The following differentiation between technology and technique is, even though in this case an example for the sport of climbing, universally applicable ;

“In the 1972 Chouinard Equipment Catalog, Doug Robinson wrote, “Technology is imposed on the land, but technique means conforming to the landscape. They work in opposite ways, one forcing a passage, while the other discovers it. The goal of developing technique is to conform to the most improbable landscape by means of the greatest degree of skill and boldness, supported by the least equipment.”

This is the climber’s manifesto, to voluntarily seek a balance between technology and adventure. It is based on a philosophy of boldness and grace, discipline and restraint, and as Robinson states in his interview it may provide a bridge across our fraught and perilous experiment with industrialization.”

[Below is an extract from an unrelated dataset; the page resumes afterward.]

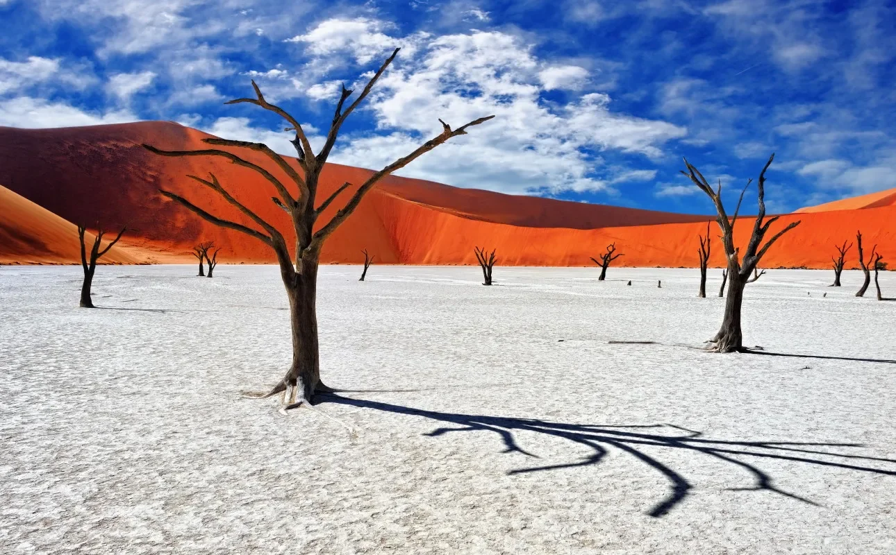 Within the heart of Sossusvlei lies Deadvlei, a clay pan dotted with ancient, petrified camelthorn trees that have stood for over 600 years. Their dark silhouettes against the white clay floor and fiery dunes create one of the most photographed landscapes in the world. Visiting at sunrise ensures soft light and fewer crowds, making the moment feel intimate and almost surreal.

Here an excerpt from his conclusions:

“Because the path to a sustainable future cannot be purchased or engineered. The way forward is not to abandon all that we have been in the past, nor is it to replace blind faith in kings and religion with an equally blind faith in economics and technology.

The way ahead is to become more human—not less. It is to find the courage to stare into the stone mirror and see our selves clearly—perhaps for the first time—with all our strengths and weaknesses.  Which coincidentally, is the best ways to improve as a climber as well, to identify and work with one’s weaknesses.”

[…]

“In a world with ever-shrinking options to know nature, and know ourselves, skills which return us to the elements become increasingly vital. In a culture ever more preoccupied with virtual reality—experiences which reunite us with wind and rock, ice and snow, provide the dash of cold water which shock us from our all too human dreams.”

“The children of the Pleistocene live on.”